[Data items]

== Segment start ==

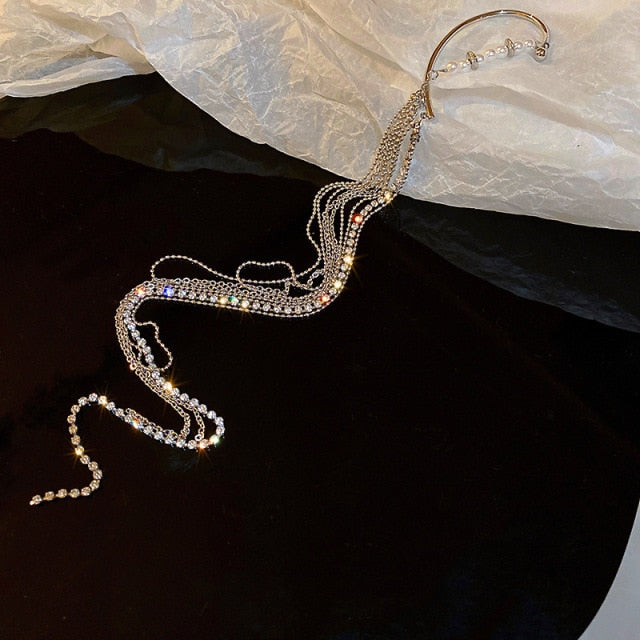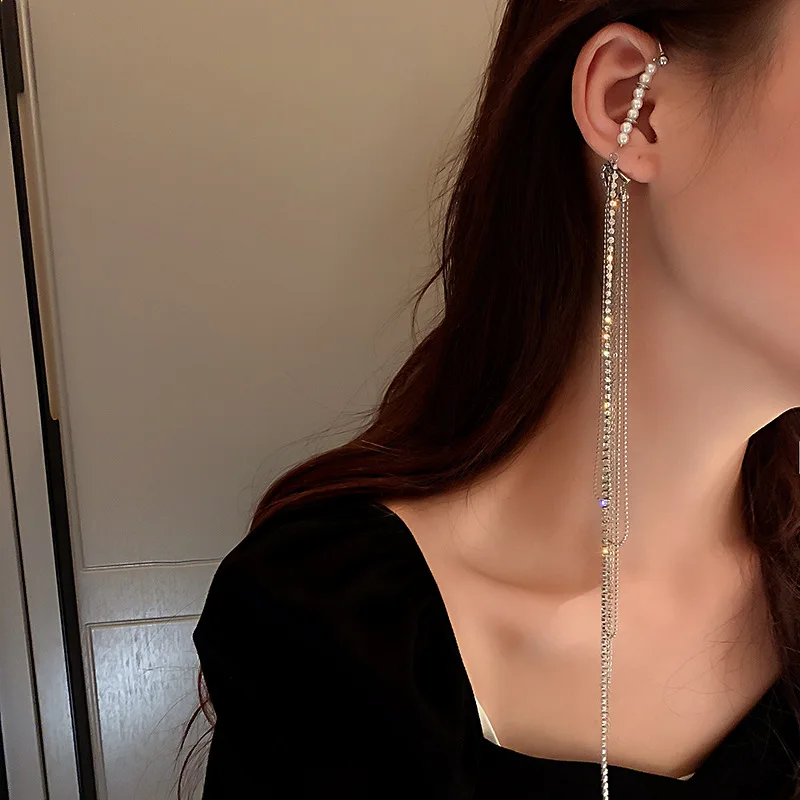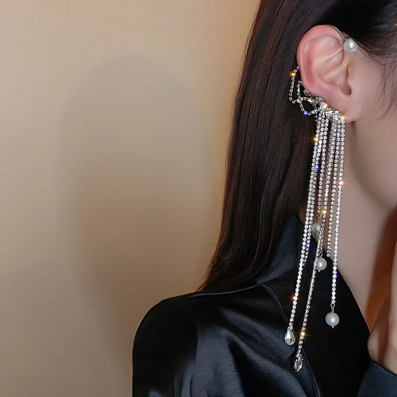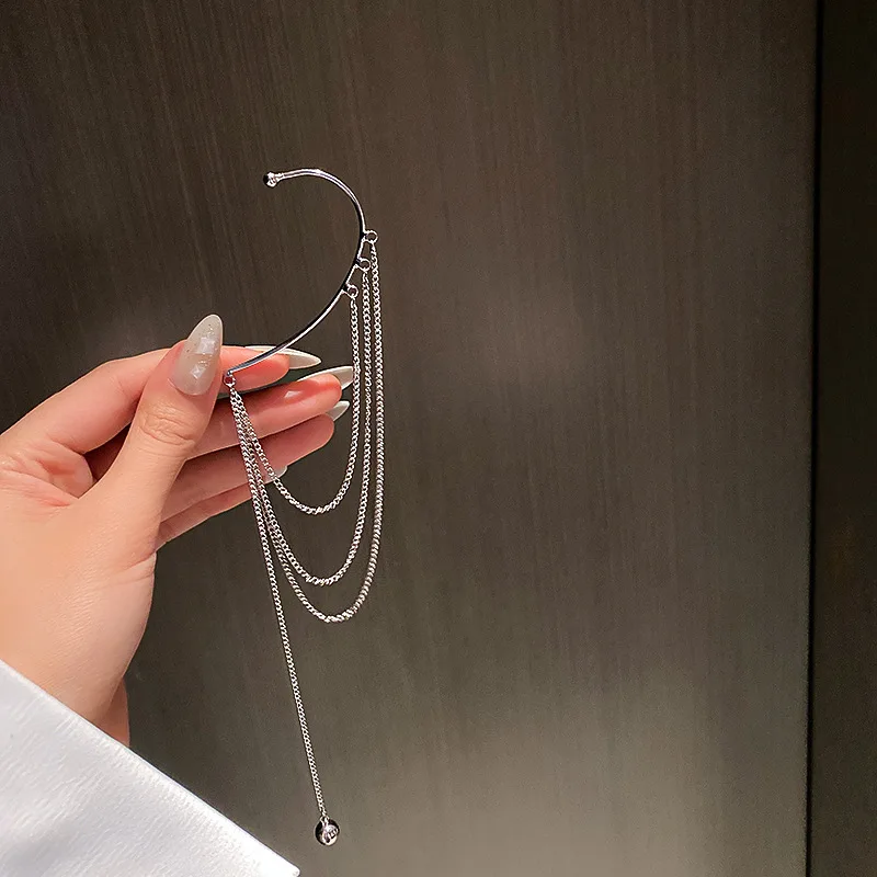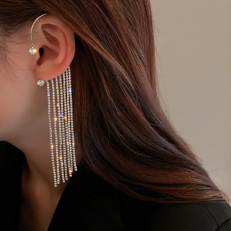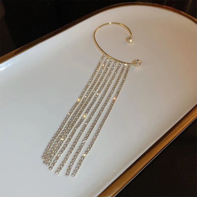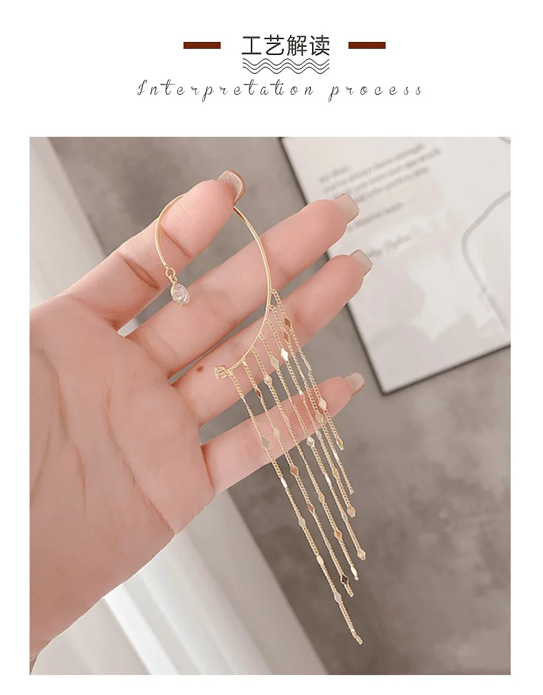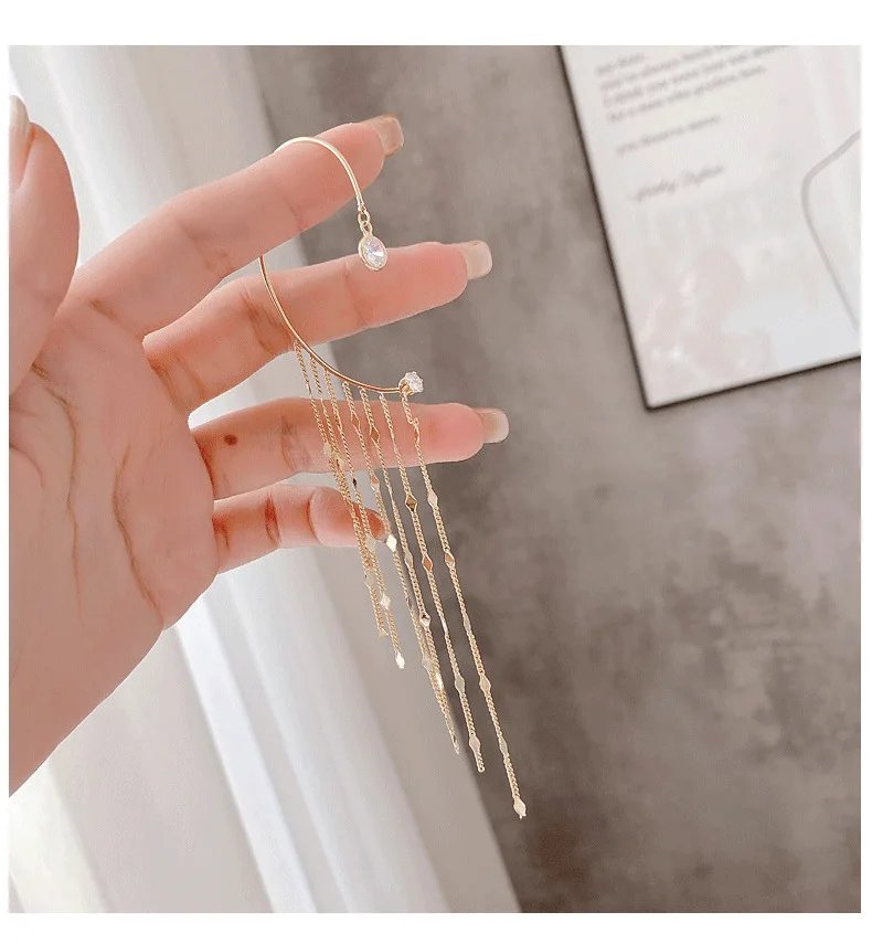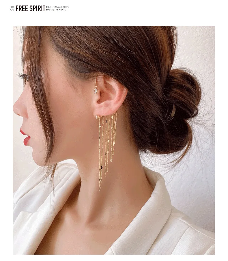 Pendientes de moda: delicados pendientes largos con borlas chapados en oro para mujer, con clip para oreja, exquisitos pendientes sin perforación, joyería de boda.
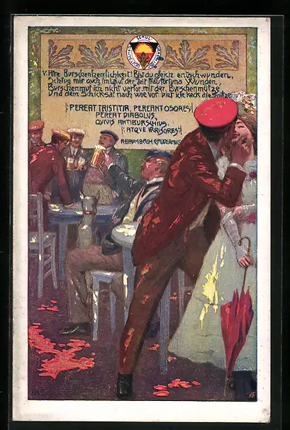 AK Deutscher Schulverein Nr. 240: Pärchen küsst sich, Im Hintergrund feiernde Studenten, studentische Szene
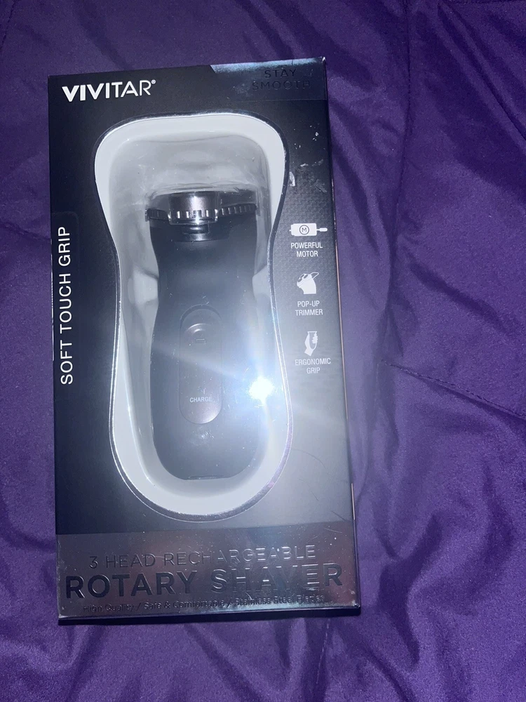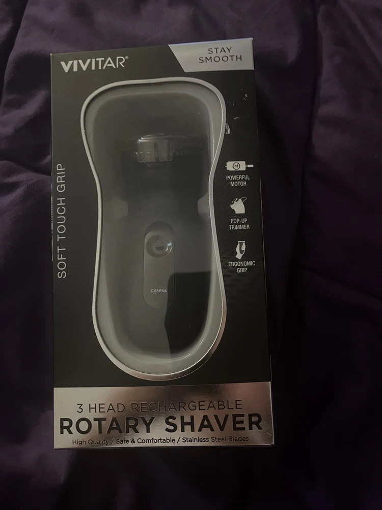Vivitar Stainless Steel Blades Rotary Shaver 3 heads Black Rechargeable New
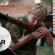 Alexey was the head of The Patriot Brigade, a militia unit fighting for the DPR. He allowed us to follow their three-car convoy back to base for the military funeral, charging along back roads to the gates of an old three-story CCCP rectangle of decay. In the parking lot, a column of a half-dozen men raised their guns, another dozen stood in formation. The casket was placed in the middle of the lot. Two shots were fired in salute. En masse, the unit surrounded the casket to pay final respects.
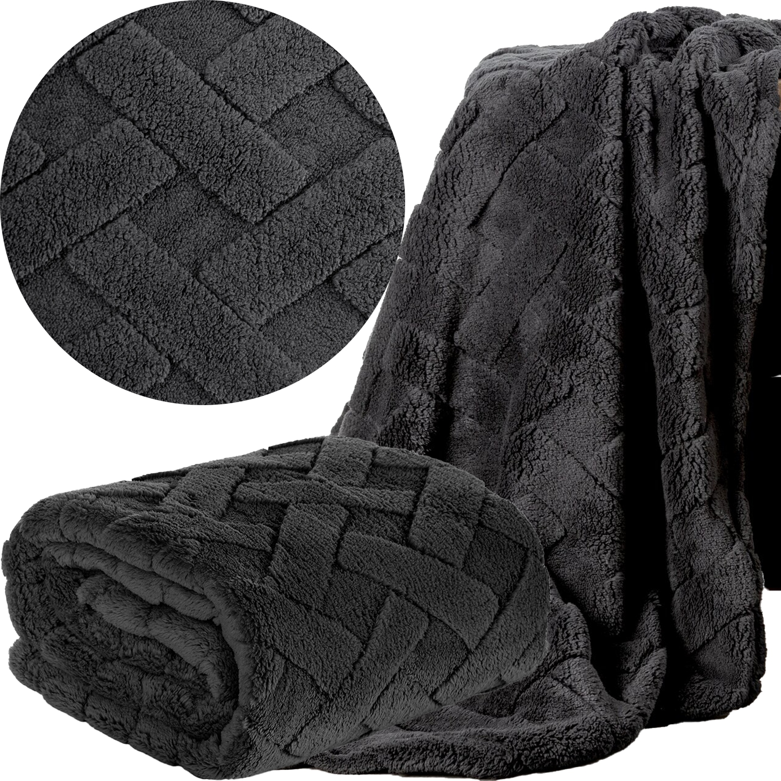 Koc narzuta 170×210 stalowy gruby mięciutki puszysty
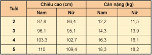 Trong những năm này, bé sẽ phát triển thể lực và chiều cao khá nhanh. Bạn có thể tham khảo bảng thể hiện sự phát triển chiều cao và cân nặng của trẻ 2 – 5 tuổi sau:
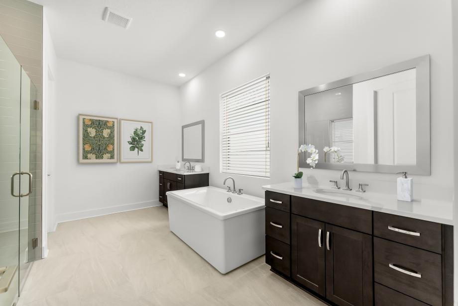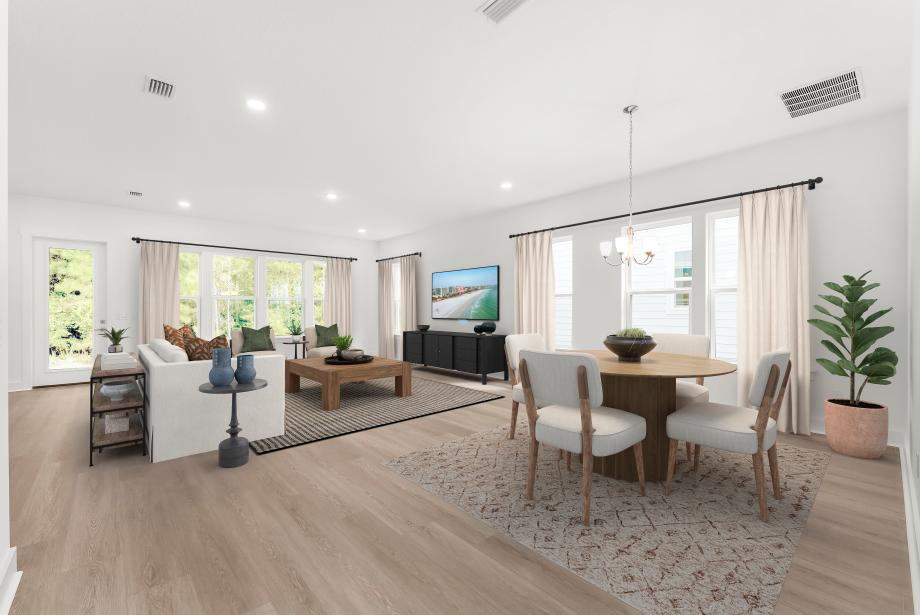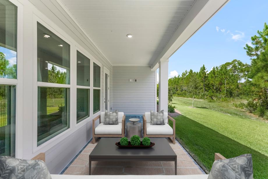 Nestled in a peaceful gated community backing up to tranquil wooded preserves, this stunning 4-bedroom, 3.5-bathroom home offers an ideal combination of comfort, style, and functionality. The open-concept main living area features a casual dining space, great room, and gourmet kitchen with a center island with breakfast bar, wraparound counter, and walk-in pantry. Sliding doors open to a gorgeous covered lanai, offering a seamless indoor/outdoor living space for year-round relaxation and gatherings. Three secondary bedrooms offer living options for family or guests, and a luxurious primary suite features dual walk-in closets and a spa-inspired bath dual vanities, a soaking tub, a deluxe shower, and a private water closet, perfect for unwinding after a long day. Additional highlights include a powder room, centrally located laundry, and a convenient everyday entry from the three-car garage. With future community amenities, you can enjoy access to a refreshing resort-style pool, fitness center, tennis and pickleball courts, an athletic field, and a fun-filled playground perfect for active people. This home is a true gem, offering an unmatched lifestyle with both indoor luxury and outdoor recreational options, perfect for those seeking privacy and serene living.
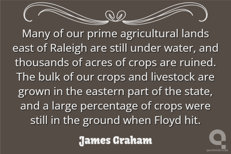 Many of our prime agricultural lands east of Raleigh are still under water, and thousands of acres of crops are ruined. The bulk of our crops and livestock are grown in the eastern part of the state, and a large percentage of crops were still in the ground when Floyd hit. James Graham
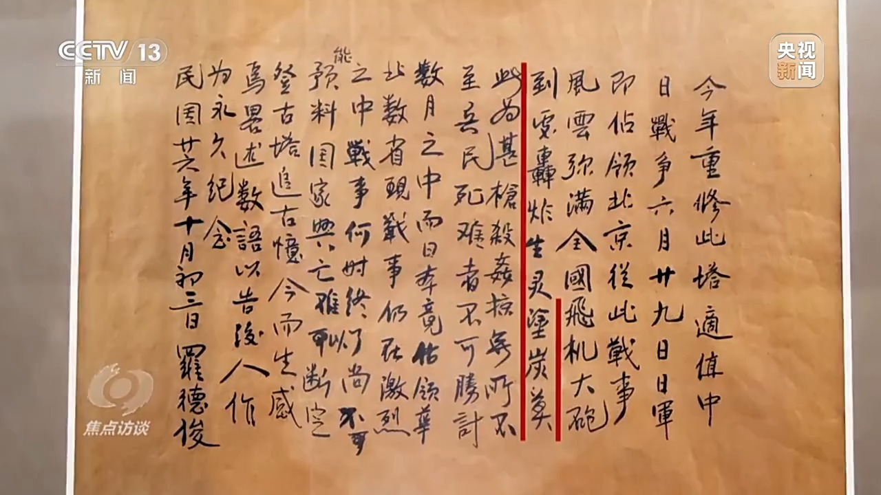 今年是中國(guó)人民抗日戰(zhàn)爭(zhēng)暨世界反法西斯戰(zhàn)爭(zhēng)勝利80周年。在這場(chǎng)決定人類命運(yùn)的偉大斗爭(zhēng)中,中國(guó)作為東方主戰(zhàn)場(chǎng),以3500萬同胞傷亡的沉重代價(jià),為世界反法西斯事業(yè)作出了不可磨滅的歷史貢獻(xiàn)。為銘記這段用鮮血和生命鑄就的壯麗史詩(shī),《焦點(diǎn)訪談》推出特別節(jié)目“歷史照耀今天”。今天,我們首先重返1931年九一八事變的歷史現(xiàn)場(chǎng),揭開中國(guó)人民14年不屈抗戰(zhàn)的序幕。
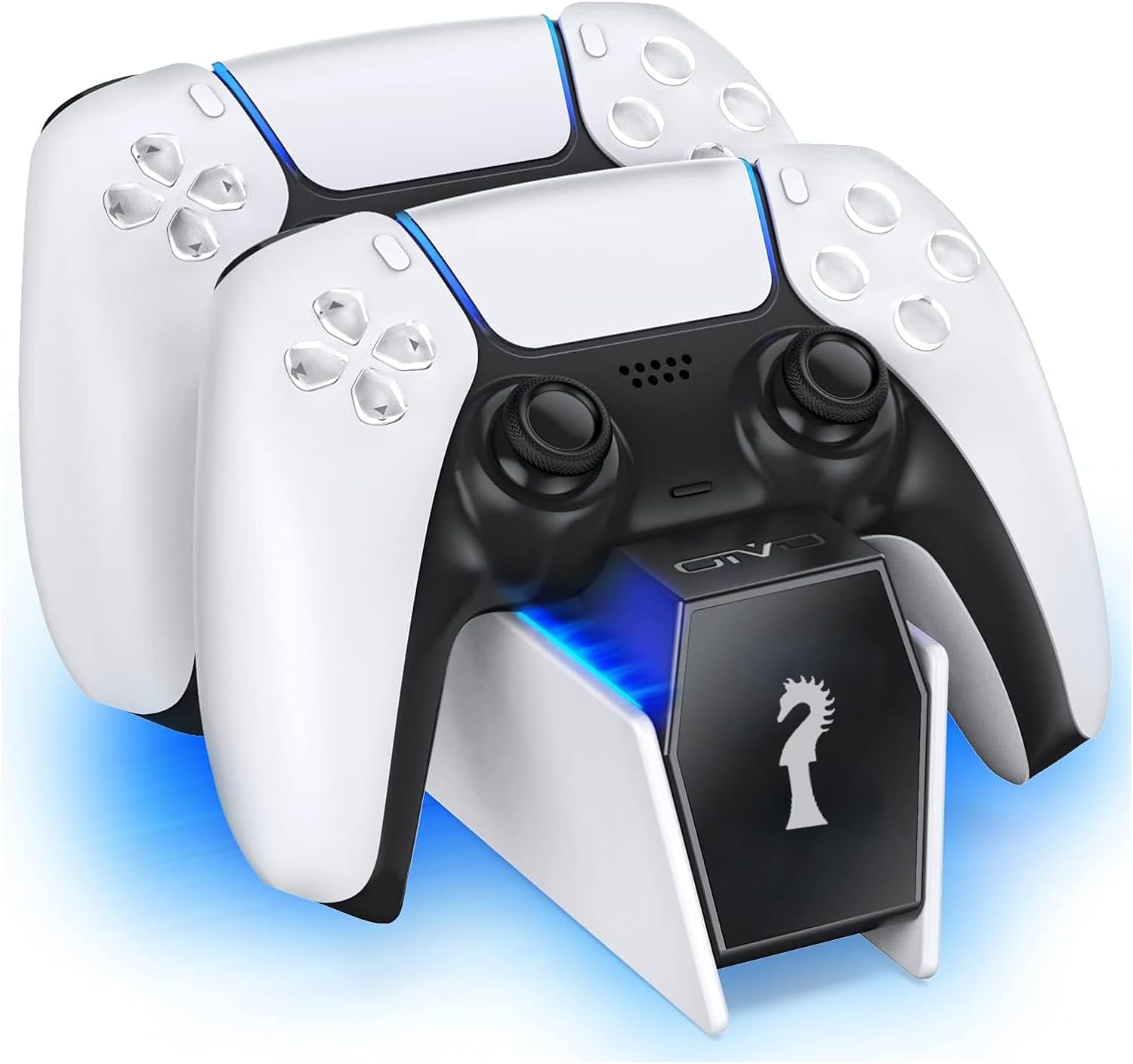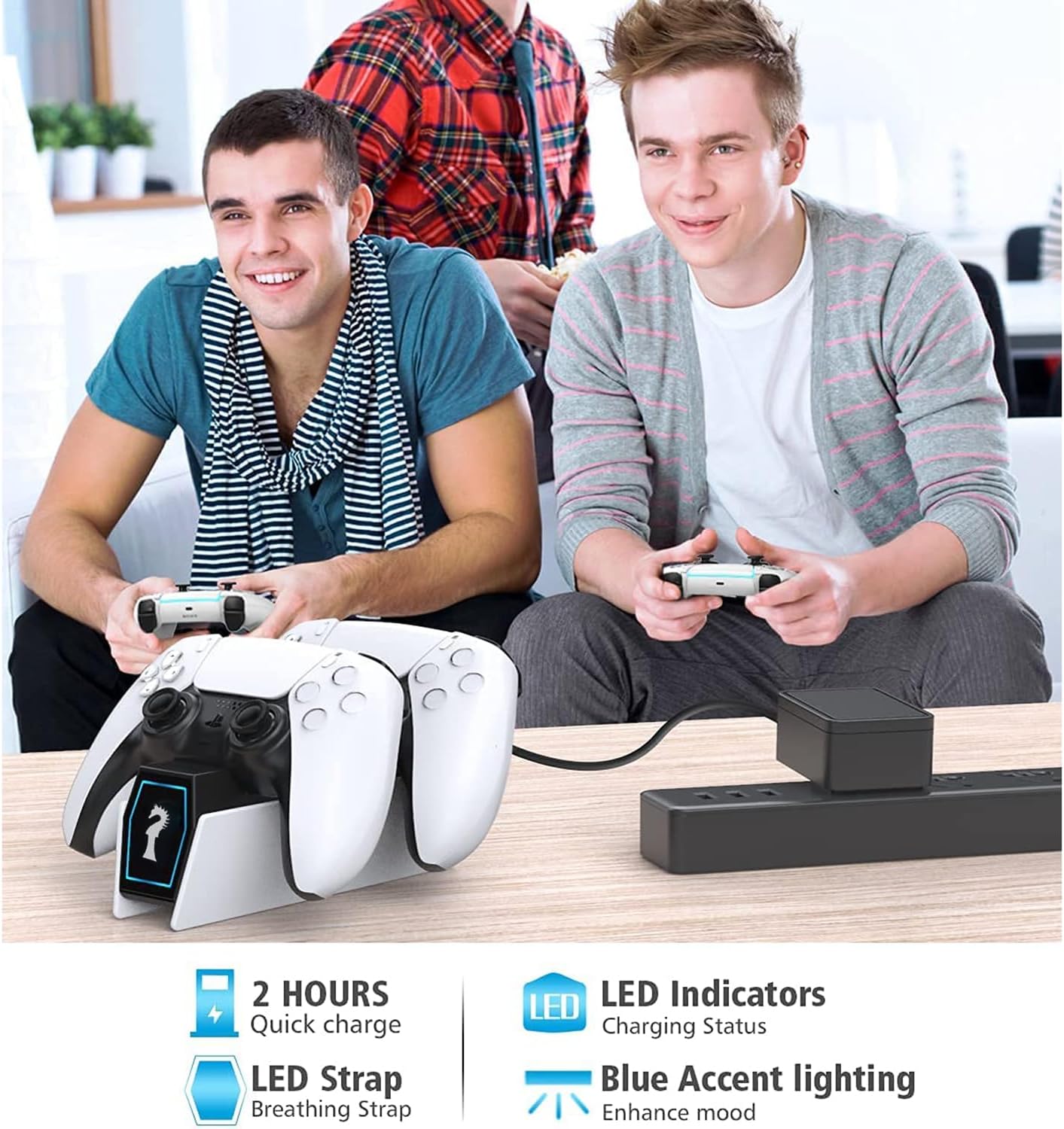 🎮【Carregamento rápido para dois controles PS5】Esta estação de carregamento para controles PS5 foi especialmente projetada para carregar dois controles PS5 simultaneamente, alimentados diretamente pelo disco/console digital PS5 por meio de um dos cabos de carregamento PS5 incluídos.

== Segment end ==

Problem => Up to and including the line with "Vivitar Stainless Steel", copy the data above from its first line. Skip pictures.

Solution below =>
 Pendientes de moda: delicados pendientes largos con borlas chapados en oro para mujer, con clip para oreja, exquisitos pendientes sin perforación, joyería de boda.
 AK Deutscher Schulverein Nr. 240: Pärchen küsst sich, Im Hintergrund feiernde Studenten, studentische Szene
Vivitar Stainless Steel Blades Rotary Shaver 3 heads Black Rechargeable New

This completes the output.